Civil Rights Tour: Education - Daniel A. P. Murray, Librarian

934 S Street NW

As assistant librarian at the Library of Congress, Daniel Alexander Payne Murray (1852-1925), created the authors and literature exhibit for W.E.B. Du Bois’s seminal exhibition on African Americans at the 1900 Paris Exposition. In combination with photographs of black college and university students, and copies of patents and data compiled by Du Bois, Murray’s research showcased the existence of a black intellectual tradition in America.

Born in Baltimore, Murray moved to Washington at the age of nine to work for his brother, a caterer and the manager of the US Senate restaurant. Ten years later, the Librarian of Congress hired Murray as his personal assistant, and in 1881, he was promoted to assistant librarian. The 1,100 books and pamphlets Murray collected for the 1900 Exposition—500 were displayed in Paris—became the core collection of black-authored manuscripts at the Library of Congress.

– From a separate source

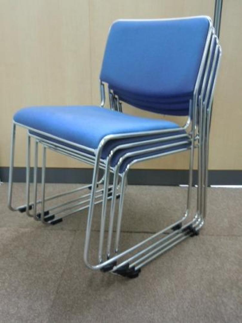 【状態良好】映えるナイスブルー薄い座面 スタッキングチェア ノーブランド品【会議チェア】- 在庫数

Murray was also a writer himself. In a 1904 article for the Voice of the Negro, to which he was a frequent contributor, Murray advocated for economic boycotts in response to lynchings. He also testified before the US House of Representatives on Jim Crow laws. Murray was the first African American elected to the Washington Board of Trade, and he is credited with persuading the DC Commissioners to establish a manual training school for African Americans: Armstrong Manual Training School, which opened in 1902. Murray and his family lived at 934 S Street NW from at least 1891 until his death in 1925.